La politique étrangère réaliste et transactionnelle de l’Inde est basée sur une analyse coûts-avantages qui montre que l’Inde accélérera son partenariat avec la Russie tout en développant ses relations avec l’Occident. La position indienne de neutralité stratégique sur la question de l’Ukraine est un pas en arrière par rapport à son inclinaison vers les États-Unis, où l’Inde a signé divers accords qui ont fourni aux États-Unis des installations navales en Inde. La Russie a confiance dans son partenariat avec l’Inde, ce qui constitue une base pour l’établissement de nouvelles relations matérielles et interpersonnelles. Les marchés indien et russe devraient saisir cette occasion pour établir des liens entre eux.

L’Inde cherche à obtenir des exemptions de sanctions, car celles-ci mettraient en danger les importations indiennes de défense en provenance de Russie. L’Inde achète du pétrole à des taux concessionnels à la Russie et utilise son énorme marché, sa capacité stratégique et économique pour contrer la pression des États-Unis et s’en tenir à sa position de neutralité. L’Inde ne mettra pas en péril ses relations avec la Russie ou l’Occident.

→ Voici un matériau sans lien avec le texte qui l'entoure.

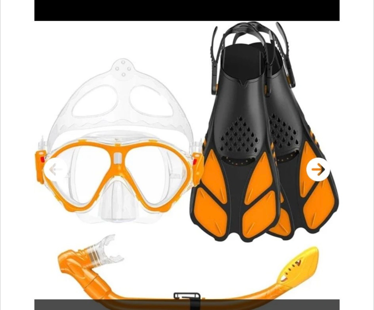16Looking to sell this snorkel set, perfect for your next underwater adventure! The set includes a mask, fins, and a snorkel. The fins are black with orange accents, and the mask has a clear lens with an orange frame. Get ready to explore the underwater world!
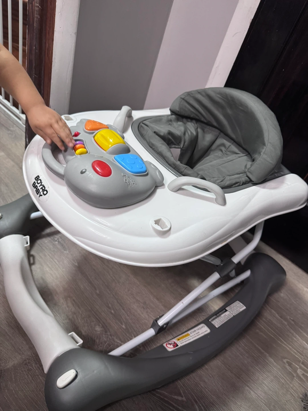 Selling a BOYRO baby walker in great condition! It's perfect for little ones learning to walk and explore. Features a fun elephant design with colorful buttons and interactive elements to keep your baby entertained
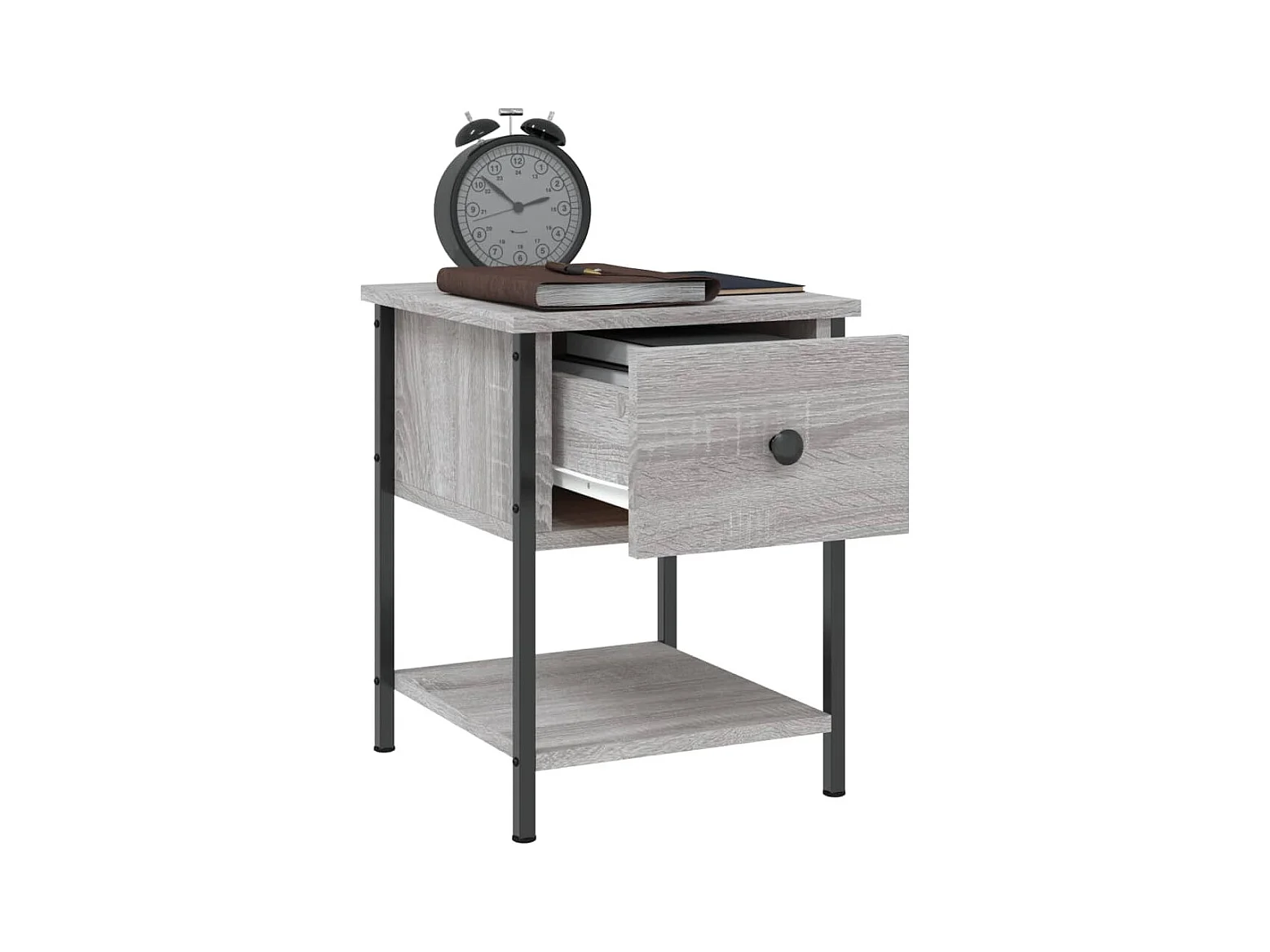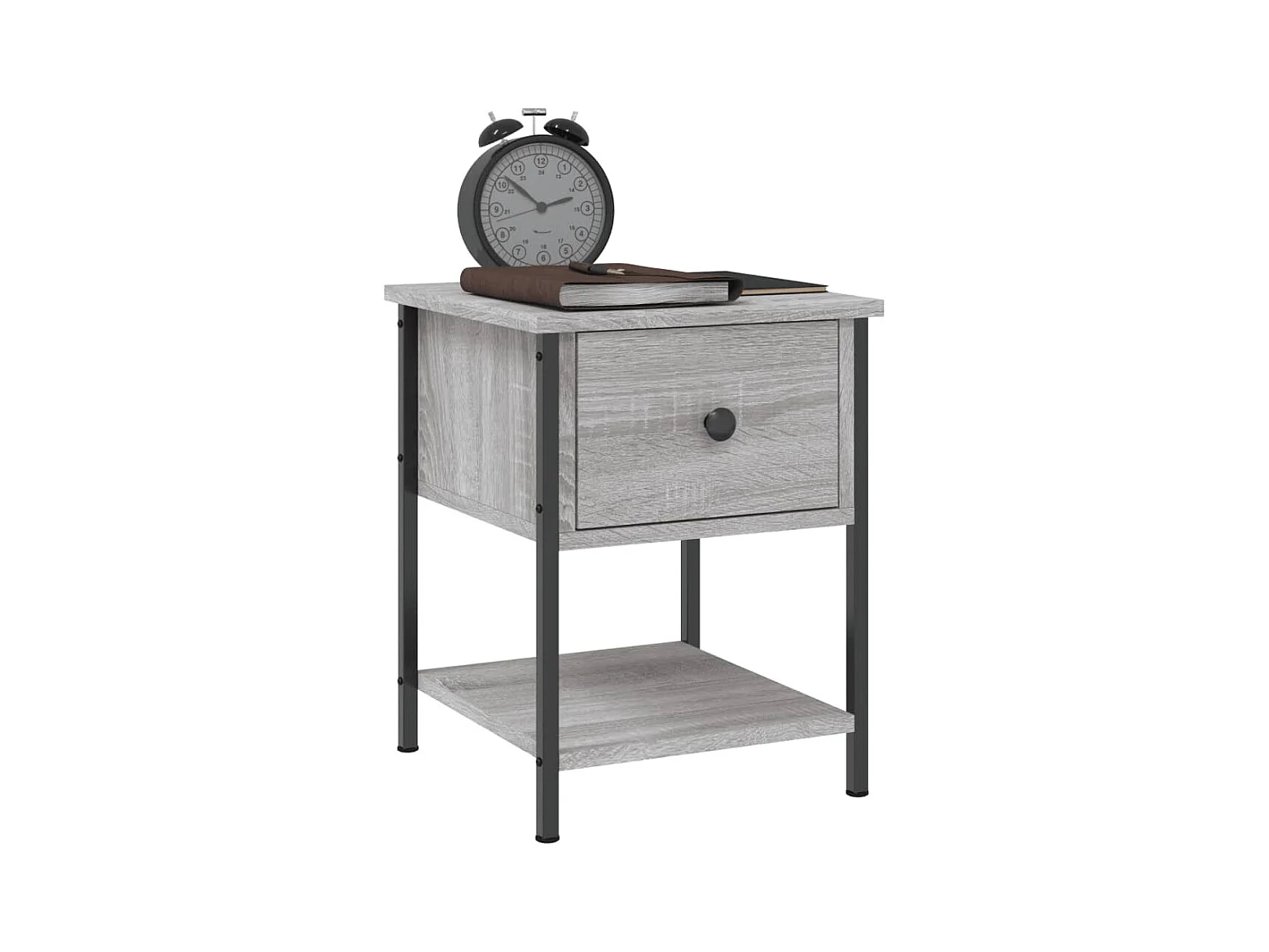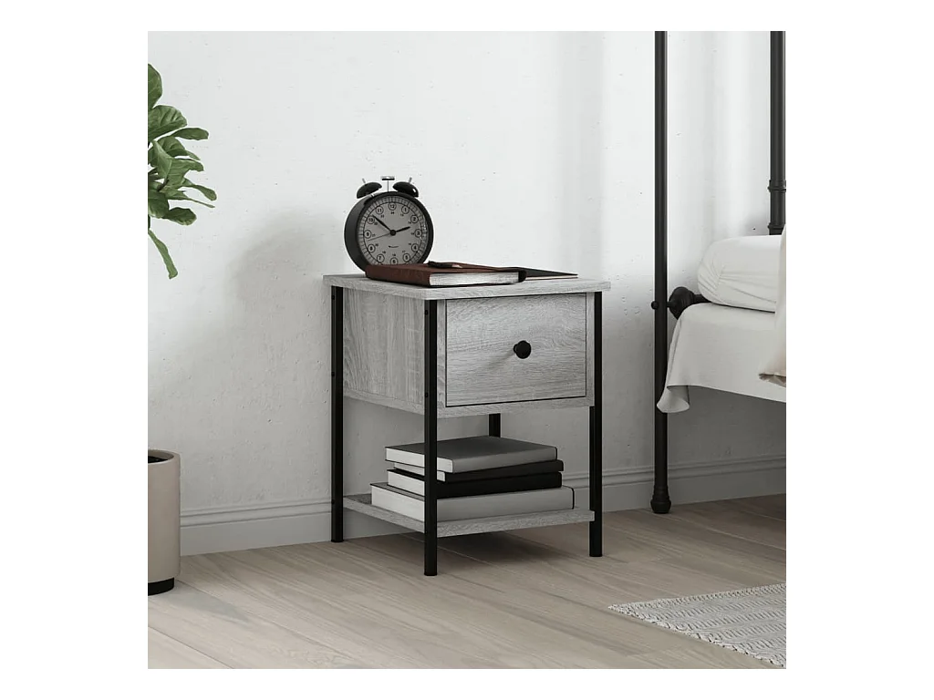 Mesilla de noche con madera de ingeniería gris de 44 x 34,5 x 45 cm
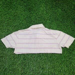VTG Polo Ralph Lauren Super Cropped Boxy Polo Shirt Womens M/L (Tagged M) Drop Shoulder Wide Fit Micro Crop Very Cropped Pastel Lilac Purple White
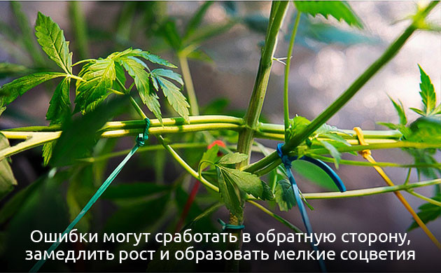 • Неправильная техника выполнения тренировок. Различные техники обучения конопли призваны улучшить показатели урожайности и ограничить вертикальный рост кустов. Но работают они, только если выполнять процедуры в строго выделенный промежуток времени и в соответствии с инструкцией. Допущенные ошибки могут сработать в обратную сторону, то есть замедлить рост и привести к образованию мелких и недоразвитых соцветий. Дабы избежать подобных ситуаций в реальности, рекомендуем ознакомиться с подробным описанием выполнения различных техник выращивания конопли на официальном форуме «Семяныча».
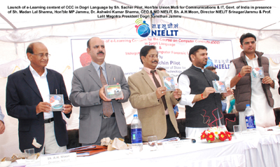 JAMMU, Oct 25: Union Minister of State for Communication and Information Technology Sachin Pilot visited the National Institute of Electronics and Information Technology (NIELIT) Campus, University of Jammu and launched the e-Content of Course in Computer Concepts in Dogri language, here today.
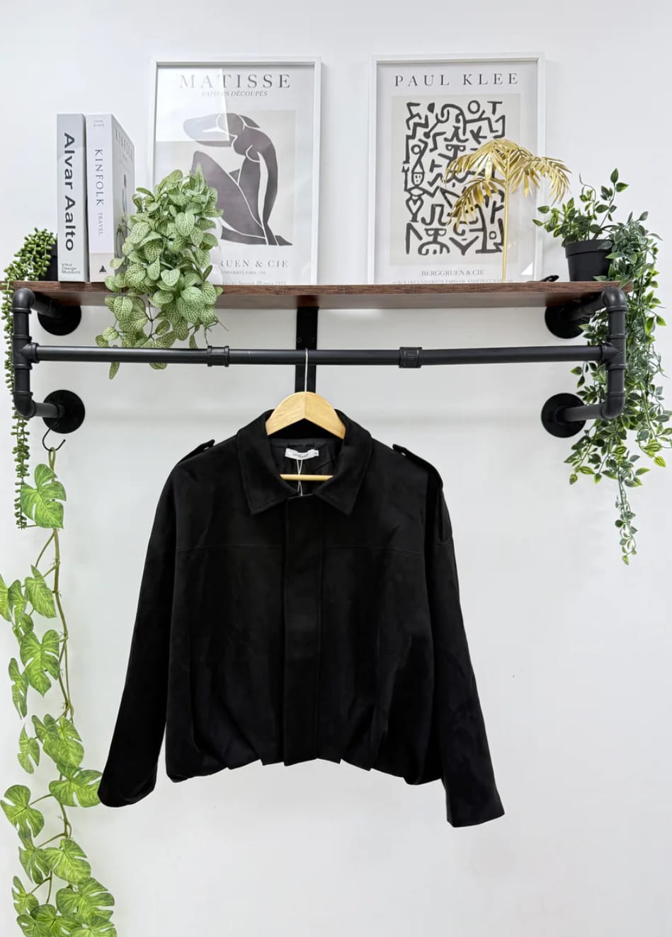 The oversized jacket everyone’s talking about-made from a Lux suede feel fabric and available in S M L. A roomy fit that comfortably goes up to a size 18. Features a sleek concealed zip and is the perfect throw on over your go to knitwear this Autumn/Winter.
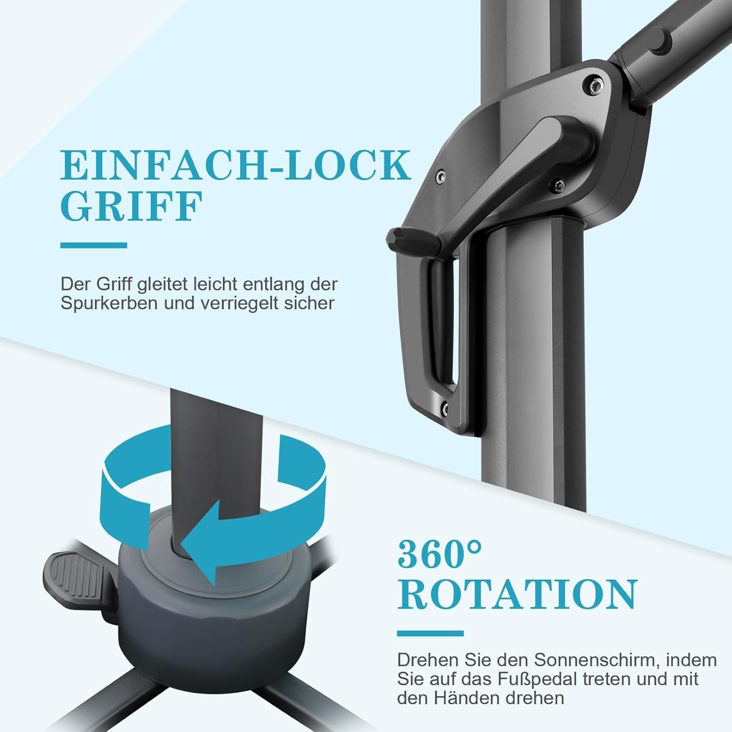 Awesome umbrella! I love how to turns and adjusts! You will have to purchase a base separately, but it’s great. The only thing to watch for is where you place it. I put mine on our back deck. The deck is not huge, so I have to swing it in a different direction as I’m setting it up and taking it down as the patio furniture gets in the way of it. Luckily I can do this though because the function of the umbrella lets me. This umbrella has been a game changer. I can finally enjoy my deck! Highly recommend!
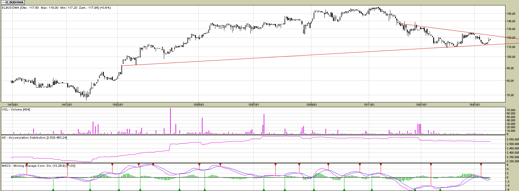 Długoterminowy trend wzrostowy Elbudowy poddawany jest mocnym zawirowaniom. W ostatnich tygodniach kurs spółki testował średnioterminową linię trendu spadkowego, a na ostatniej sesji domknął małą lukę spadkową. Zdaje się, że niedługo będziemy mieli powtórkę testu lokalnego oporu, tym razem na poziomie 123 zł. Oprócz tego walor zasługuje na uwagę przez tworzący się sygnał kupna na wskaźniku MACD – może to być decydującym paliwem do przełamania zniżkującej linii.
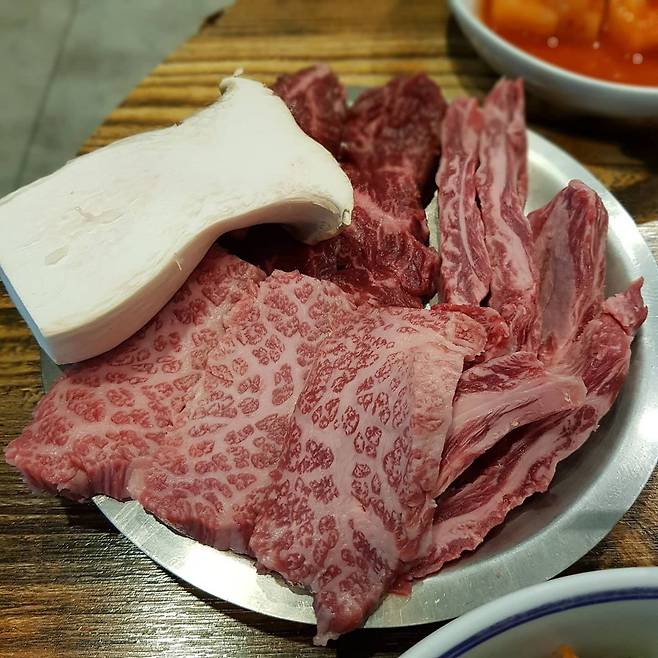 ▲메뉴: 한우 특수부위모듬 39,000원 / 한우 등심 42,000원
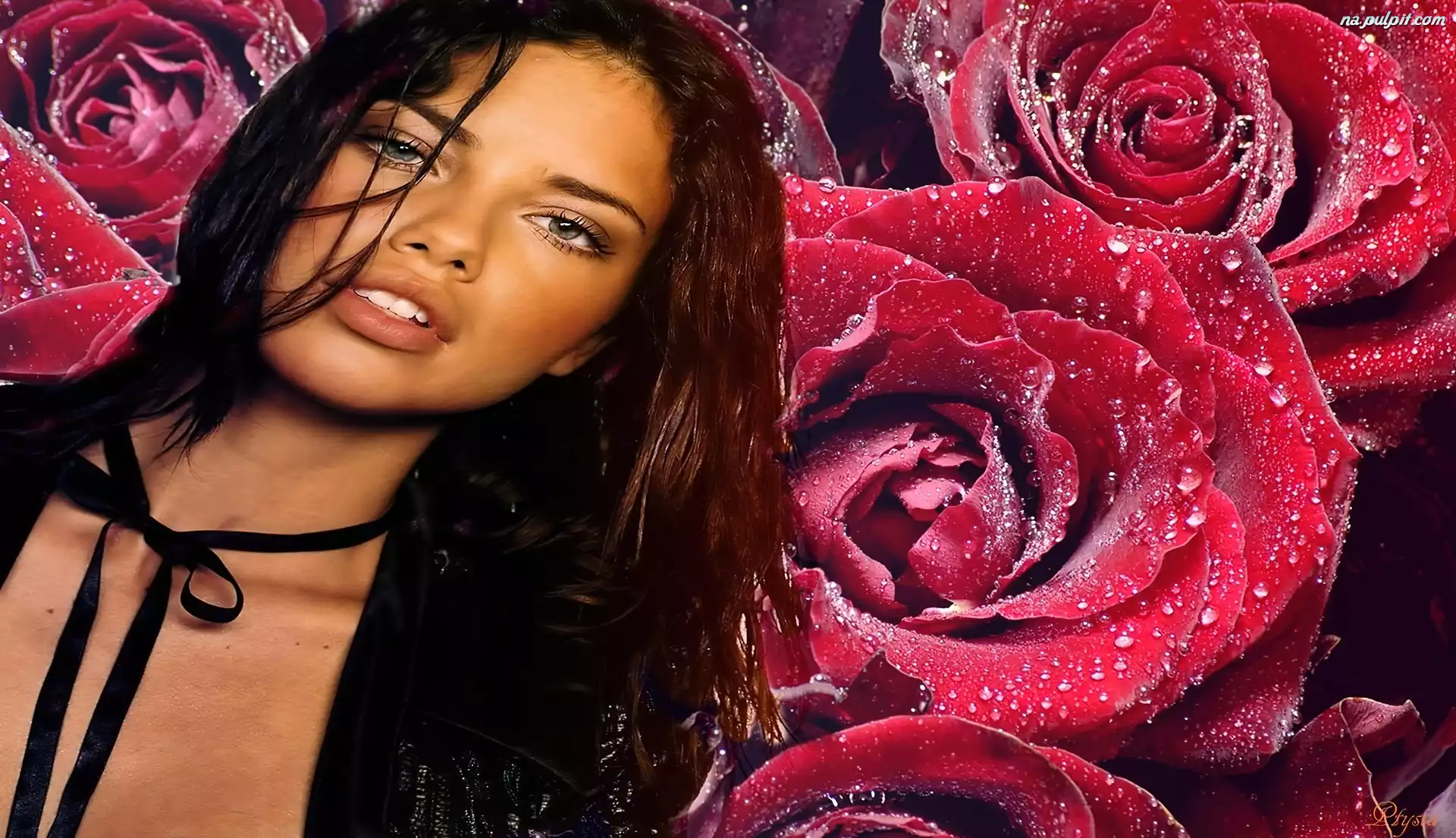 Wody, Róże, Czerwone, Adriana Lima, Krople Na Pulpit
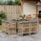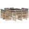 Ensemble à manger de jardin et coussins 9 pcs mélange beigeCet ensemble de salle à manger de jardin est un excellent choix pour les repas en plein air ou pour vous détendre dans le jardin, dans l'arrière-cour ou sur la terrasse. Matériau durable : la résine tressée, également connue sous le nom de poly rotin, est un matériau synthétique solide et nécessitant peu d'entretien qui ressemble au rotin naturel. Il est léger, facile à nettoyer et couramment utilisé pour les meubles d'extérieur en raison de sa durabilité et de ses propriétés de résistance aux intempéries. Rangement compact : ces chaises sont dotées d'un dossier rabattable, ce qui permet de les ranger facilement sous la table. Une fois pliées, elles se rangent parfaitement sous la table, formant un cube peu encombrant. Expérience d'assise confortable : ce mobilier d'extérieur, doté de coussins épais, offre une expérience d'assise confortable. Housse amovible et lavable : ces coussins sont dotés de housses amovibles pour un lavage et un entretien faciles. Les housses de coussin ont un rabat à l'arrière pour une fixation facile aux dossiers. Dessus en verre : le dessus de la table d'extérieur est fabriqué en verre trempé solide et durable, ce qui le rend facile à nettoyer avec un chiffon humide et ajoute une touche d'élégance à votre espace extérieur. Bon à savoir : Pour que vos meubles d'extérieur restent beaux, nous vous recommandons de les protéger avec une housse imperméable.
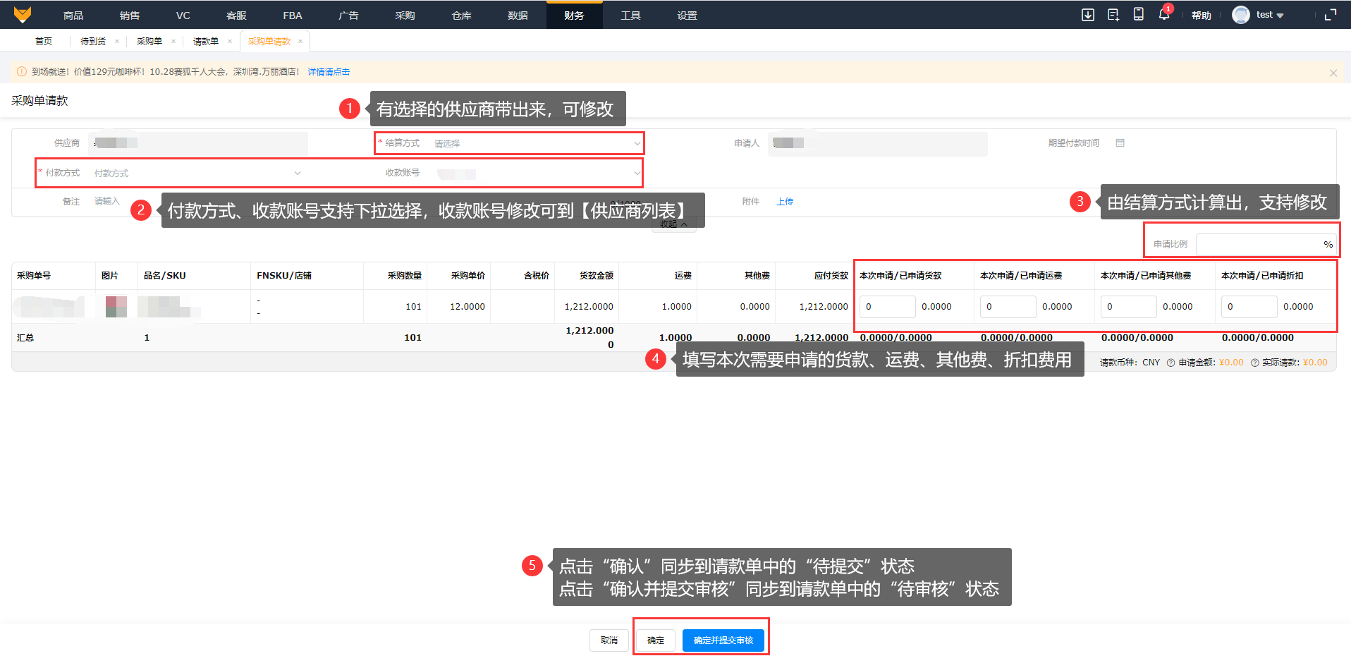 (2)点击“请款”,填写请款单,支持修改申请比例、付款方式,填写本次申请货款、运费、其他费,以及需要申请的折扣;
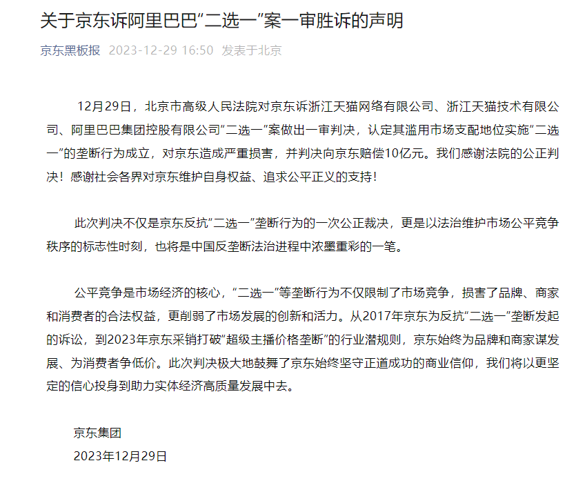 最终,北京市高级人民法院于2023年12月29日对京东诉阿里“二选一”案做出一审判决,认定阿里滥用市场支配地位实施“二选一”的垄断行为成立,判决阿里向京东赔偿10亿元。

L’Inde conservera cette position pendant cette période de transition internationale, de démondialisation et d’incertitude. L’Inde ne veut pas faire partie d’un bloc qui la contraindrait à prendre parti. Une combinaison d’expérience historique, de défis actuels en matière de sécurité et de développement, de stabilité du régime et de préoccupations concernant ses différends frontaliers non résolus avec la Chine et le Pakistan a façonné la réponse de l’Inde. La position de l’Inde en tant que pays neutre avec des relations harmonieuses avec la Russie et l’Occident se poursuivra pendant cette transition.